Although admittedly "depressed" after a poor performance against the Rams, Smith played well in the Philadelphia game, making eight solo tackles and assisting on another in less than a half of play. If he doesn't turn out to be a Butkus—and very few prospects do—Smith should at least provide the Chargers with stability in the middle for a decade or so.
Likewise, Byrd and Walters should give a big boost to the secondary, a particularly vulnerable area now that San Diego lacks even a rudimentary pass rush. Walters, it seems, can get by on his athletic ability. Byrd, though, is more the tactician; he has a degree in business administration and finance and is a budding real estate salesman. "I'm not your flashy-type player," he says. "I like to blend in with a unit, to do something well for a long time. What I'd like is at the end of a game for the crowd to say, 'Did Gill Byrd even play?' In other words, nobody caught a pass on me, but I was so subtle nobody noticed."

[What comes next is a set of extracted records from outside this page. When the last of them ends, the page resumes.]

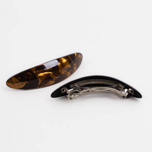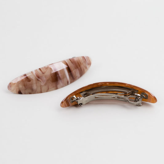 Agrafe franțuzești cu formă eliptică, imprimeu artist paint, textură marmorată lucioasă, set 2 buc - Maro, Bej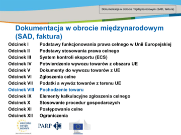 Dokumentacja w obrocie faktura) Title ofmiędzynarodowym the presentation | (SAD, Date |‹#› Dokumentacja w obrocie międzynarodowym (SAD, faktura) Odcinek I Odcinek II Odcinek III Odcinek IV Odcinek V Odcinek VI Odcinek VII Odcinek VIII Odcinek IX Odcinek X Odcinek XI Odcinek XII Podstawy funkcjonowania prawa celnego w Unii Europejskiej Podstawy stosowania prawa celnego System kontroli eksportu (ECS) Potwierdzenie wywozu towarów z obszaru UE Dokumenty do wywozu towarów z UE Zgłoszenia celne Podatki a wywóz towarów z terenu UE Pochodzenie towaru Elementy kalkulacyjne zgłoszenia celnego Stosowanie procedur gospodarczych Postępowanie celne Ograniczenia Dokumentacja w obrocie międzynarodowym (SAD, faktura) | Odcinek Title of the presentation | Date |‹#› VIII | 1 Część VIII Pochodzenie towaru • Pochodzenie towarów z terenu EU • Preferencyjne pochodzenie towaru z UE • Sposoby dokumentowania pochodzenia towarów Dokumentacja w obrocie międzynarodowym (SAD, faktura) | Odcinek Title of the presentation | Date |‹#› VIII | 2 Pochodzenie towaru Układ Ogólny w Sprawie Taryf Celnych i Handlu (GATT) Światowa Organizacja Handlu (WTO) 1994 Porozumienie w Sprawie Reguł Pochodzenia Towarów Klauzula Największego Uprzywilejowania KNU Dokumentacja w obrocie międzynarodowym (SAD, faktura) | Odcinek Title of the presentation | Date |‹#› VIII | 3 KLAUZULA NAJWIĘKSZEGO UPRZYWILEJOWANIA KNU Reguły pochodzenia pochodzenie preferencyjne pochodzenie niepreferencyjne ekonomiczny rodowód produktów Dokumentacja w obrocie międzynarodowym (SAD, faktura) | Odcinek Title of the presentation | Date |‹#› VIII | 4 Najważniejsze przepisy dotyczące pochodzenia towarów • art. 22-27 Wspólnotowego Kodeksu Celnego (WKC) • art. 35-135 Rozporządzenia Komisji 2454/93z dnia 2 lipca 1993 roku ustanawiające przepisy w celu wykonania rozporządzenia Rady(EWG) nr 2913/92 ustanawiającego Wspólnotowy Kodeks Celny (RWKC). • Rozporządzenie Rady (WE) nr 980/2005 z dnia 27 czerwca 2005 r. Wprowadzające plan ogólnych preferencji taryfowych. • postanowienia umów międzynarodowych z pojedynczymi krajami lub grupami krajów. • art. 10 Prawa celnego (Dz. U nr 68, poz. 622 z 2004 roku z późniejszymi zmianami.) • Załącznikach 9-22 RWKC • Innych (rozporządzeniach i decyzjach) Dokumentacja w obrocie międzynarodowym (SAD, faktura) | Odcinek Title of the presentation | Date |‹#› VIII | 5 Niepreferencyjne pochodzenie towaru • Reguły niepreferencyjnego pochodzenia towarów ustanowione są w: • art. 22 – 26 KC • 35–65 RWKC • załącznikach 9-13 RWKC. • Załączniku nr 7 do Rozporządzenia Ministra Finansów z dnia 22 kwietnia 2004r. w sprawie szczegółowych wymogów jakie powinno spełniać zgłoszenie celne DZ U nr 94 poz. 902 z 2004 z późn zm. Dokumentacja w obrocie międzynarodowym (SAD, faktura) | Odcinek Title of the presentation | Date |‹#› VIII | 6 Ogólne zasady ustalanie pochodzenia towarów Towary „wytworzone” w jednym kraju Towary „wytworzone” przy współudziale kilku krajów Dokumentacja w obrocie międzynarodowym (SAD, faktura) | Odcinek Title of the presentation | Date |‹#› VIII | 7 ORGAN CELNY DOWÓD POCHODZENIA NIEPREFERENCYJNE POCHODZENIE TOWARU Dokumentacja w obrocie międzynarodowym (SAD, faktura) | Odcinek Title of the presentation | Date |‹#› VIII | 8 CZĘŚCI ZAPASOWE ŁĄCZNIE WARUNKI: • stanowią elementy, bez których nie może być zapewnione właściwe funkcjonowanie sprzętu, maszyn, aparatów lub pojazdów wcześniej dopuszczonych do obrotu lub wywiezionych, • są charakterystyczne dla sprzętu, maszyn, aparatów lub pojazdów, • są przeznaczone do konserwacji sprzętu, maszyn, aparatów lub pojazdów albo do zastąpienia części tego samego rodzaju, uszkodzonych lub nie nadających się do użytku. Dokumentacja w obrocie międzynarodowym (SAD, faktura) | Odcinek Title of the presentation | Date |‹#› VIII | 9 DOKUMENTOWANIE POCHODZENIA trwałe oznaczenie kraju pochodzenia na towarze świadectwo pochodzenia specyfikację fakturę świadectwo jakości inny dokument urzędowy kontrakt Dokumentacja w obrocie międzynarodowym (SAD, faktura) | Title of the presentation Odcinek | Date |‹#›VIII | 10 Świadectwo pochodzenia towaru Dokumentacja w obrocie międzynarodowym (SAD, faktura) | Title of the presentation Odcinek | Date |‹#›VIII | 11 • Świadectwo pochodzenia wystawiane są na pisemny wniosek osoby zainteresowanej i składa się z 3 następujących kart: • karta nr 1 formularza, stanowi oryginał świadectwa pochodzenia i po potwierdzeniu przez organ celny, jest wydawana wnioskodawcy, • karta nr 2 formularza, stanowi kopię świadectwa pochodzenia. Organ celny po potwierdzeniu świadectwa zatrzymuje kopię, chyba że wnioskodawca umieści we wniosku żądanie wydania kopii świadectwa, • karta nr 3 formularza, stanowi wniosek o wydanie świadectwa (uwaga opłata skarbowa). Dokumentacja w obrocie międzynarodowym (SAD, faktura) | Title of the presentation Odcinek | Date |‹#›VIII | 12 Preferencyjne pochodzenie towarów UNIA EUROPEJSKA Australia, Hongkong, Japonia, Kanada, Nowa Zelandia, Singapur, Kanada, USA WZAJEMNE UMOWY EUR 1 JEDNOSTRONNE UMOWY FORM A Dokumentacja w obrocie międzynarodowym (SAD, faktura) | Title of the presentation Odcinek | Date |‹#›VIII | 13 Podstawowe przepisy związane ze stosowaniem reguł preferencyjnego pochodzenia Unii • • • • art. 27 Kodeksu Celnego w porozumieniach preferencyjnych art. 66 – 123 RWKC oraz załącznikach 14-22 RWKC w Decyzji nr 2001/822/WE z dnia 27 listopada 2001 r. w sprawie stowarzyszenia krajów i terytoriów zamorskich ze Wspólnotą Europejską • Rozporządzeniu 82/2001 dotyczące definicji pojęcia „produkty pochodzące” i metod współpracy administracyjnej w handlu miedzy obszarem celnym Wspólnoty a Ceutą i Melillą (Dz. U. 2001 nr L20, str.1) • Rozporządzeniu (WE) nr 1207/2001 w sprawie procedur ułat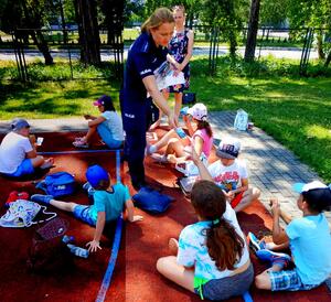 Przez cała wakacje policjanci z komendy miejskiej odwiedzają miejsca, w których prowadzone są półkolonie i zajęcia rekreacyjno - sportowe dla dzieci i młodzieży. Mundurowi przypominają o zasadach bezpiecznego wypoczynku i unikania zagrożeń. Tym razem odwiedzili grupę dzieci spędzających czas wolny na półkoloniach przy Młodzieżowym Ośrodku Sportu w Opolu.

The man with the biggest chance to leave his mark is probably Elko. Playing nose tackle in the 3-4 is a grim, thankless task. But playing it well is critical to the success of the formation, and it's a burden Elko wouldn't mind carrying for a while. It's better, he figures, than going back to Mine No. 40 in Windber, Pa., where he's from, and digging coal. "All those mine towns are the same," says Elko. "Row houses and the company store and black slag mountains everywhere." Elko is no stranger to hardship. His parents died when he was young, and an uncle raised him. Another uncle grew up in Mine No. 35, which was just down the road a piece. That uncle's name was Frank Kush, and Elko went to Arizona State for a year to play for him. Just to show that he didn't have favorites, Kush took Elko five miles into the desert one day and made him run back to camp. Elko transferred to LSU when Uncle Frank got fired.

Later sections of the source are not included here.